Genomic DNA was reduced in size by digestion using DraI and SspI (New England Biolabs) for 2 h in the recommended buffers. Aliquots of 10 µl of ligation reactions, containing 50 ng digested DNA or 2 µl of cDNA in 20 mM Tris–HCl pH 9.0, 100 mM KCl, 10 mM MgCl2, 1 mM EDTA, 1 mM DTT, 0.1% Triton X-100, 400 mU Tth ligase or Ampligase (Epicentre) and 400 pM each padlock probe were placed in a thermal cycler at 95°C for 5 min, then cycled 20 times between 95°C for 2 min and 55°C for 20 min, followed by 95°C for 2 min. Homozygous genotypes that were not present among our samples were instead represented by synthetic 40mer oligonucleotide targets added at 45 zmol to separate ligation reactions. After ligation, 10 µl of exonuclease mix was added to the reactions for a final concentration of 67 mM Tris–HCl pH 9.0, 50 mM KCl, 6.7 mM MgCl2, 0.05 µg/µl BSA, 0.35 U/µl exonuclease I (New England Biolabs) and 0.35 U/µl exonuclease III (Amersham Biosciences). Samples were incubated at 37°C for 2 h, followed by 95°C for 10 min. For PCR amplification, 6 µl of exonuclease reaction was combined with 24 µl of PCR mix, bringing the concentration to 30 mM Tris–HCl pH 8.8, 18 mM KCl, 3.0 mM MgCl2, 0.08% Triton X-100, 200 µM dNTP, 400 nM each of the three PCR primers and 0.1 U/µl HotStart Pfu polymerase (Stratagene). Reactions were placed in a thermal cycler at 95°C for 2 min, and then cycled 26 times between 98°C for 30 s and 55°C for 2 s. The competitor experiment (Fig. (Fig.3)3) was performed by mixing 45 zmol of circularized probes specific for the 1216 locus with the indicated molar excess of circularized probes for the remaining 12 loci. The probes were circularized using an excess of synthetic target oligonucleotides and then diluted to the desired concentrations. The probes were amplified and hybridized as described.

Figure 3
Effect on signal strength when more probes are analyzed. Constant amounts of circularized probes representing the three possible genotypes at the 1216 locus were mixed with increasing amounts of circularized competitor probes from the 12 other loci. ...

Oligonucleotide arrays

Amino-modified tag oligonucleotides were dissolved at 10 µM concentration in 150 mM sodium carbonate buffer pH 9 with 0.08% SDS and printed in triplicate on 3D-Link slides (Motorola) as 12 subarrays using a four pin GMS 417 Microarrayer (Genetic Microsystems Inc.). Slides were incubated in a 75% humidity chamber at room temperature for 2 h and then transferred to a phosphate-buffered saline bath containing 6.9 mM NaBH4 and 23% ethanol for 5 min, washed in dH2O, dried in a stream of pressurized air and finally stored at +4°C. Reusable reaction chambers demarcating individual subarrays were prepared as described by Pastinen et al. (12).

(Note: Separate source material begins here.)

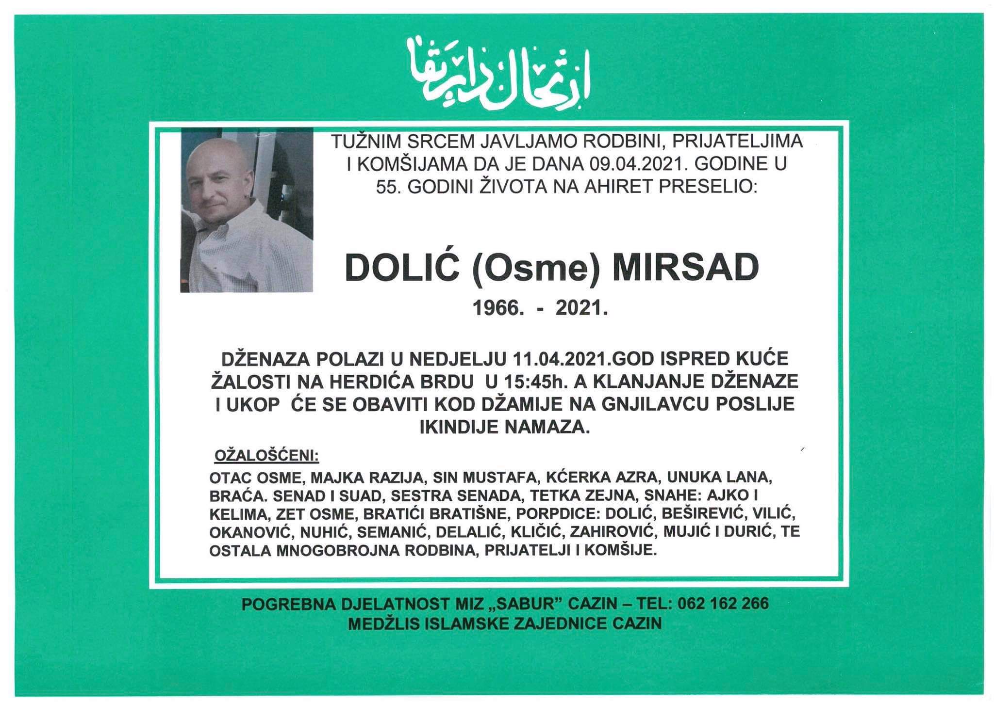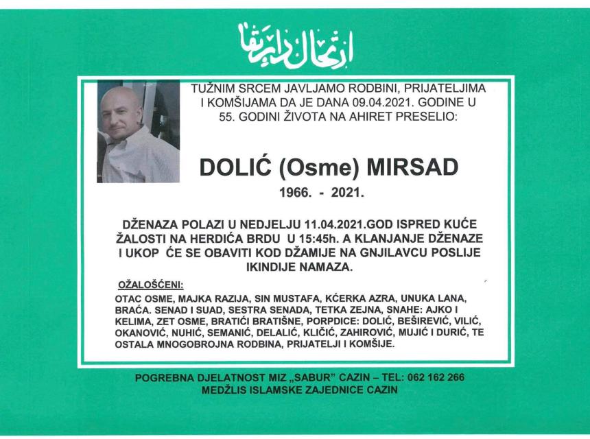 Tužnog srca i s bolom u duši obavještavamo rodbinu, komšije i prijatelje da je naš dragi Dolić (Osme) Mirsad 09.04.2021. godine, u 55. godini života preselio na ahiret.
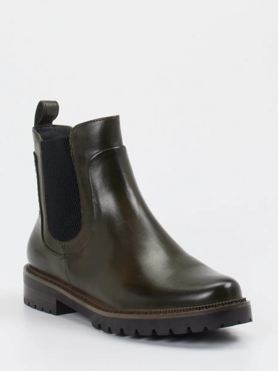 Robuster Stil für kühle Tage.Ginger & Glove interpretiert den Chelsea Boot als moderne Damen-Stiefelette mit klarem Design. Ideal für wechselhafte Herbsttage im Alltag oder im Büro vereint dieser knöchelhohe Schuh minimalistischen Stil mit hohem Tragekomfort. Das fein glänzende Lammleder in Dunkelolivgrün wird durch einen seitlichen Elastikeinsatz und einen verdeckten Reißverschluss ergänzt. Eine profilierte Gummisohle sorgt für Trittsicherheit bei jedem Wetter. Die Ton-in-Ton-Nähte und Zuglasche unterstützen die klare Linienführung. Besonders passend zu Wollmantel oder Strickkleid für entspannte City-Looks. Markentypisch souverän und urban durchdacht.

For hybridization, 30 µl amplification reactions were combined with 20 µl of 5× SSC, 0.1% Triton X-100, 22.5 mM EDTA, 0.2 nM PosHyb-FITC and TAMRA oligonucleotides as positive hybridization controls. They were heated at 100°C for 8 min, immediately placed on ice and 40 µl were transferred to the subarrays. The hybridization cassette was placed at 55°C for 4 h and the mask removed in a washing solution of 0.02× SSC, 0.1% Triton X-100. The slides were then transferred to a 0.02× SSC wash for 10 min and finally dried with pressurized air. Microarrays were scanned in a GSI 5000 Scanner and images were analyzed using QuantArray 2.0 software (GSI Lumonics). Local background was subtracted separately from the FITC and TAMRA signals and an average was calculated from spots within each triplicate.

RESULTS

The difficulty of genotyping large numbers of markers using PCR can be avoided if the genotyping assays are reformatted, via a padlock probe ligation reaction, to the amplification of large numbers of diagnostic tag sequences using a single set of primers.

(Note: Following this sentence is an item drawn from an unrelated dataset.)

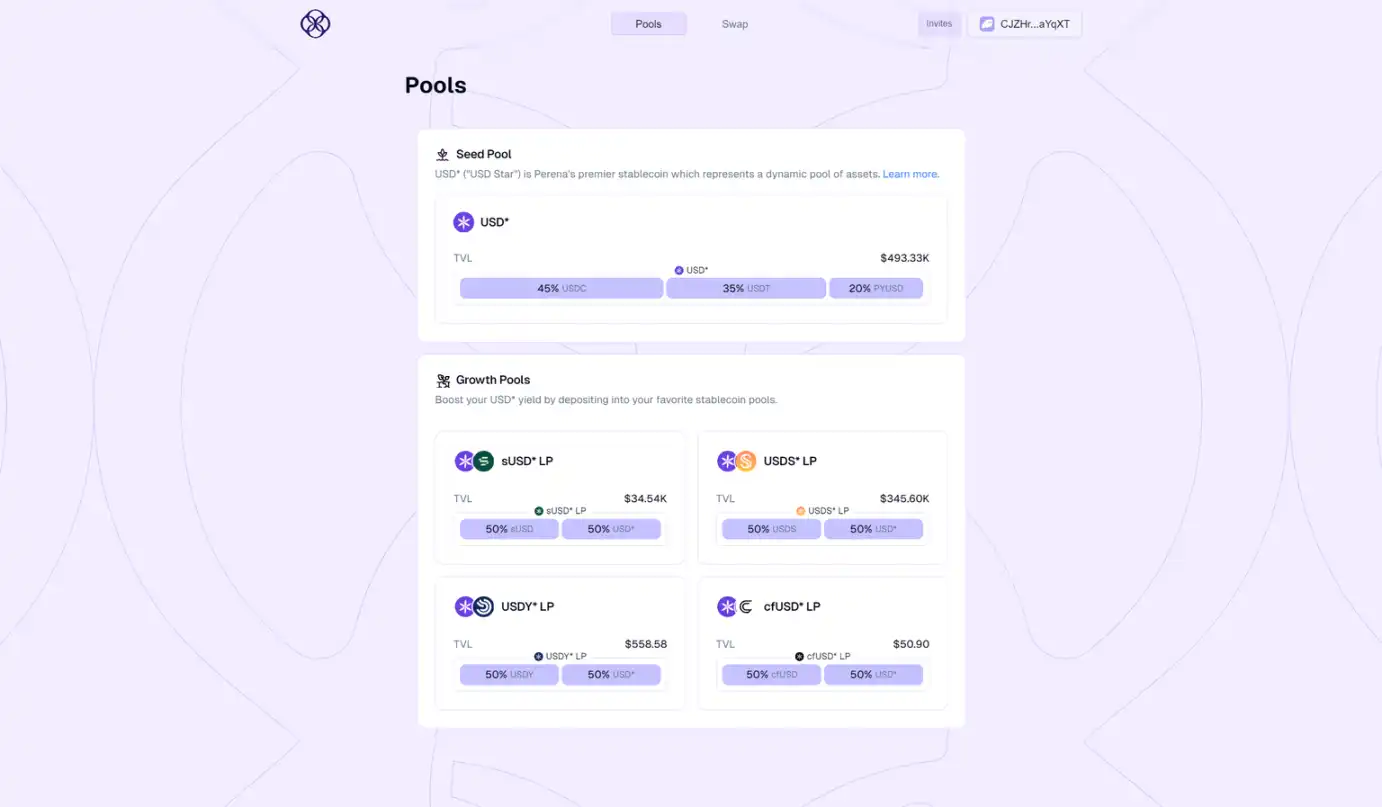 Perena 目前已经推出了其第一款产品——Numéraire。Numéraire 是一个多资产稳定币交换系统,其引入了 USD* 的概念。它采用 AMM 机制实现稳定币的无缝创建和交换,同时优化了各个市场的流动性和效率。解决了稳定币生态碎片化问题,并降低了新稳定币发行的资本要求。用户可通过该协议铸造稳定币、获取代币化真实世界资产收益,以及利用分层抵押债务头寸系统实现定制化的风险回报配置。不过,虽然 Numéraire 号称更便宜高效的稳定币交换,但或因流动性问题,目前磨损仍大于 Raydium 等平台。

Previous observations have established that padlock probes linked to a target strand are unsuitable as templates for DNA synthesis by rolling circle replication reactions (13). To investigate whether linkage of padlock probes to a target strand also compromises PCR, we used the single-stranded M13 cloning vector as a target for padlock probe ligation and then monitored the subsequent PCR amplification in real time. The target was circular or had been linearized ~3.6 kb upstream and downstream of the probe ligation site (13). Amplification of probes having recognized linear ligation targets reached threshold fluorescence two cycle numbers earlier than the corresponding PCR of probes bound to circular targets, indicating that in this experiment, amplification of unlinked padlock probes was approximately 4-fold more efficient than amplification of linked probes (data not shown). This probably reflects that circularized padlock probes can slip off nearby ends of target DNA sequences under denaturing conditions (7). Therefore, in the following experiments all genomic DNA samples were fragmented using restriction enzymes that do not cleave the target sequences for the probes.

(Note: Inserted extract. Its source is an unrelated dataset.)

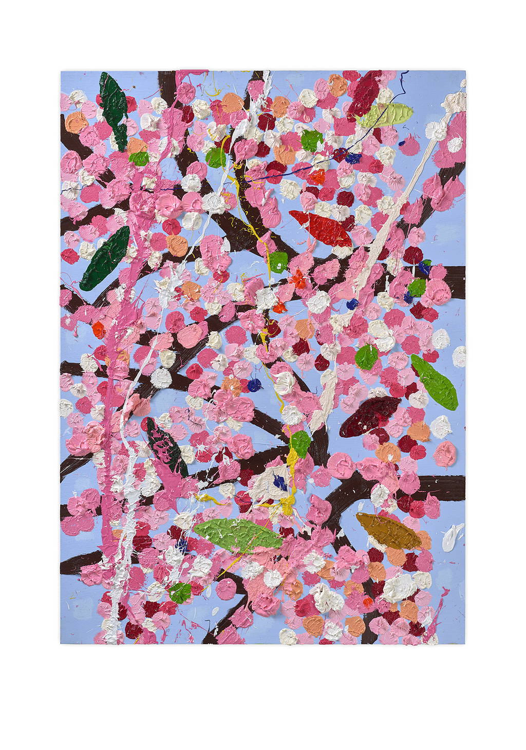 Paper Blossoms is a series of 900 unique original paintings on card featuring the vibrant imagery of Hirst's Cherry Blossoms paintings.
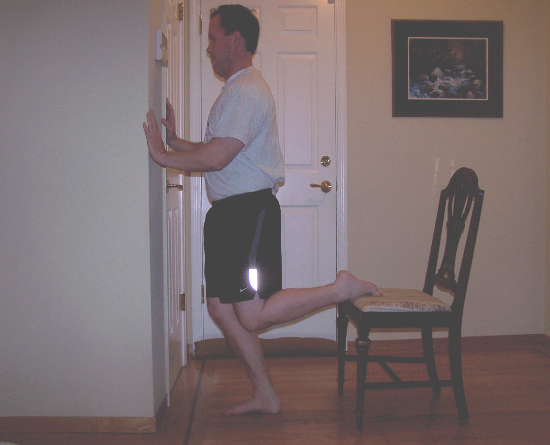 Bend the knee of the operative leg and put the foot on a chair. Tilt your pelvis backward to the “12 o’clock” position by tightening your bottom muscles. Now slowly bend the knee of the leg you are standing on while maintaining the 12 o’clock position in your pelvis and keeping the bent knee in a vertical plane. You should now feel a stretch in your thigh muscle. Hold for 20-30 seconds. You can facilitate further stretching by increasing the bend of the knee you are standing on or tilting your pelvis back further to the “12 o’clock” position.

Pairs of padlock probes were designed to recognize the two alleles at individual loci. The segment between the target-complementary ends of the probes included sequence elements required for amplification, along with a unique locus-specific tag sequence. Pools of all probes were added to individual samples along with a thermostable DNA ligase. After ligation the reactions were treated with a mix of exonucleases to remove probes that had not been circularized or that might have undergone intermolecular ligation (Fig. (Fig.1A).1A). Next, reacted probes were amplified by PCR with one common primer and two allele-specific fluorescence-labeled ones that allowed amplification products representing different alleles to be distinguished. Finally, the products were sorted by hybridization on a tag sequence microarray (Fig. (Fig.1B).1B). Genotypes at individual loci were revealed by analyzing the allele-specific fluorescence signals at the corresponding microarray positions.

Figure 1
Parallel padlock probe analysis of single nucleotide variation. (A) Padlock probes included two target-complementary sequences at both the 5′ and 3′ ends (grey) and the allele-specific nucleotide was positioned at the 3′-end. ...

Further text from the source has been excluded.